Former Rep. Jim Jacks (D-49) was forced out of the legislature by his caucus for alcohol-fueled misconduct with female staffers. The Columbian refused to report the entirety of the truth on this issue; in fact, when presented with the opportunity, never specifically asked Jacks anything about the issues in question.
It has been over 332 days since Jacks' expulsion. The excuse repeatedly given by the Columbian is a so-called "lack of a paper trail." It would seem that actually interviewing people in Olympia who know is somehow out of the question. I guess those reporters doing such "solid, informative" work just couldn't find the time.
That begs this particular issue:
The excuse of a lack of a paper trail in this issue doesn't appear to have any sway.
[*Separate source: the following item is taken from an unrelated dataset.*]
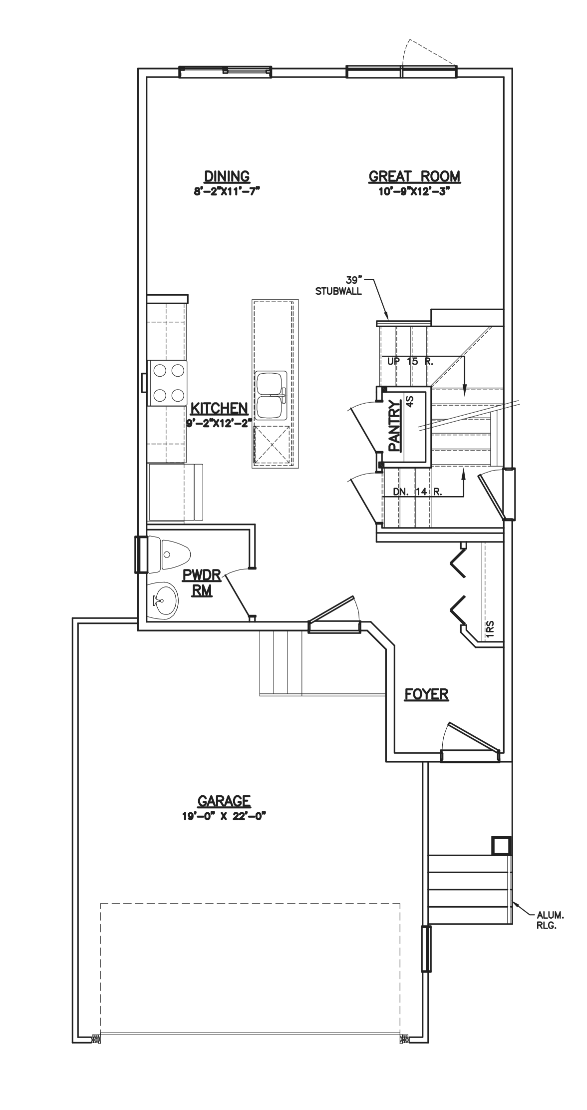 - 19′ x 22′ double car garage

There is a massive and well-developed paper trail here, consisting of county contracts with Lifeline from the county commissioners, including Boldt; many of these legislative and budgetary efforts took place during Dawn Boldt's employment at Lifeline; the record will show that until this most recent episode, Boldt never revealed that employment as required by law (Contrary to Potter's assertions), it will show that he was, at a minimum, required to reveal that employment (Which he did not); it will show that even if his interest WAS "remote" (It isn't... it was, at a minimum, "indirect" because this is a community property state) he was not allowed to vote nor seek the votes of any other council member.
These things are not the fantasy of someone who wishes Boldt had not violated the conflict statues... as the Columbian obviously wished were the case. These issues are black letter law, easily read and understood.
Which begs the issue here: What's the deal? Why, like Jacks, is Boldt getting a pass from the Columbian?
It's not terribly difficult to arrive at a conclusion or two. Primarily, it has to do with Boldt's steadfast support of the CRC, the replacement of the bridge, the imposition of light rail, and the further imposition of life-long tolls to bring light rail into Vancouver... which, of course, is the only reason to replace the bridge... not to mention Boldt's efforts to make sure the people of this county can't vote on this issue... which, I believe, had much to do with the policy of protecting Jacks, particularly when combined with Jacks' party affiliation.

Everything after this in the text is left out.